Kathryn Engle, the director at the University of Kentucky's Appalachian Center says in Appalachia, the county seats are often doing well.
Engle explained, "I work in Stinking Creek in Knox County, and Barbourville is the county seat. And so there's quite a difference, even just within the county, of topography, of where the jobs are concentrated, kind of the general lay of the land. So, even within the county level, there are certain areas or cities that will get the resources."
Clark says a planned 60 acre greenhouse in the Sharkey community will help with that. "AppHarvest, the greenhouse, is planning on starting hiring in mid-summer next year, so it's not too far away. But you also have to consider the construction jobs that goes along with that, so we'll continue to get employment even when they're in the construction phase. 60 acre greenhouse, I don't know how all they're going to build it, but it's going to take a lot of people to build it."
Rowan County Representative Rocky Adkins (D-Sandy Hook) is also positive about the future, saying "The infrastructure's in place. Parts of the puzzle are in place. It's going to take that hard work and somebody getting up every day focused to put that puzzle together."
Clark agreed, but said infrastructure remains a concern, which is where he thinks being a distressed county will actually help.

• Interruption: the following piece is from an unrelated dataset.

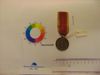 Onderscheiding. Duitsland. Medaille für deutsche Volkspflege. Onderscheiding voor zowel burgers als militairen die zich op verdienstelijke wijze hebben ingezet voor het welzijn en de verzorging van het Duitse volk. De onderscheiding werd op 1 mei 1939 ingevoerd ter vervanging van het Ehrenzeichen des Deutschen Roten Kreuzes. De onderscheiding is gemaakt van verzilverd brons of zink en hangt aan een rood lint met aan beide zijden dunne, witte lijnen. Het lint aan dit exemplaar is vuil en dof verkleurd. De onderscheiding is rond (diameter 38 mm) en is aan de voorzijde voorzien van een kruis met daarop de Duitse adelaar en hakenkruis. Aan de achterzijde is de tekst 'Medaille für deutsche Volkspflege' aangebracht. De medaille verkeert in goede staat, hoewel het zilver donker verkleurd is. Het lint van dit exemplaar werd bij elkaar gehouden door een speld. Het is onbekend of deze speld origineel is of later er in is gestoken. De speld is uit het lint verwijderd maar wel bij de onderscheiding opgeslagen.
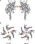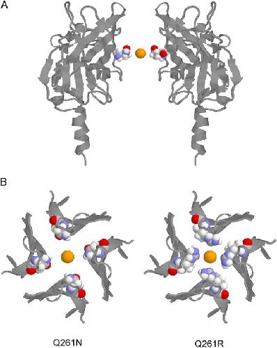 Figure 11. . Model of the effect of N to R substitution in the cytoplasmic pore based on the crystal structure of GIRK1. (A) A side view of the crystal structure of the cytoplasmic domain of GIRK1-Kir3.1 (pdb:1N9P) is shown from the side with two subunits removed for clarity. Residue Q261, corresponding to residue R260 in IRK1-Kir2.1 and N240 in ROMK2-Kir1.1 is highlighted using space-filling mode along with a potassium ion in the same plane and centered along the pore axis. (B) Models of the GIRK1 cytoplasmic domain in which residue Q261 has been mutated to asparagine (left) or arginine (right) are shown here. A cytoplasmic view of the pore-lining residues 223–230, 253–264, and 298–311 is represented with cartoon rendering except for residue 261, which is highlighted using space-filling mode. A potassium ion is shown along the central axis and in the plane of residue 261. |

Explaining his reasoning, Clark said, "It will help us reach out and do some broadband work that we desperately need. We've got some studies going on now. It will help us in many ways. Infrastructure, we're always worried about sewers and those kind of things. That's what distressed counties are eligible for, is assistance in some of this infrastructure stuff."
However, Engle warns against thinking broadband will be the cure-all for the region, comparing it to the push for first railroads and then the highway system. She said the "if you build it, they will come" idea doesn't work as well as some would hope.
She also says, a lot of the problems Rowan County and Appalachia face aren't unique to the region, but instead are the problems much of rural America is facing.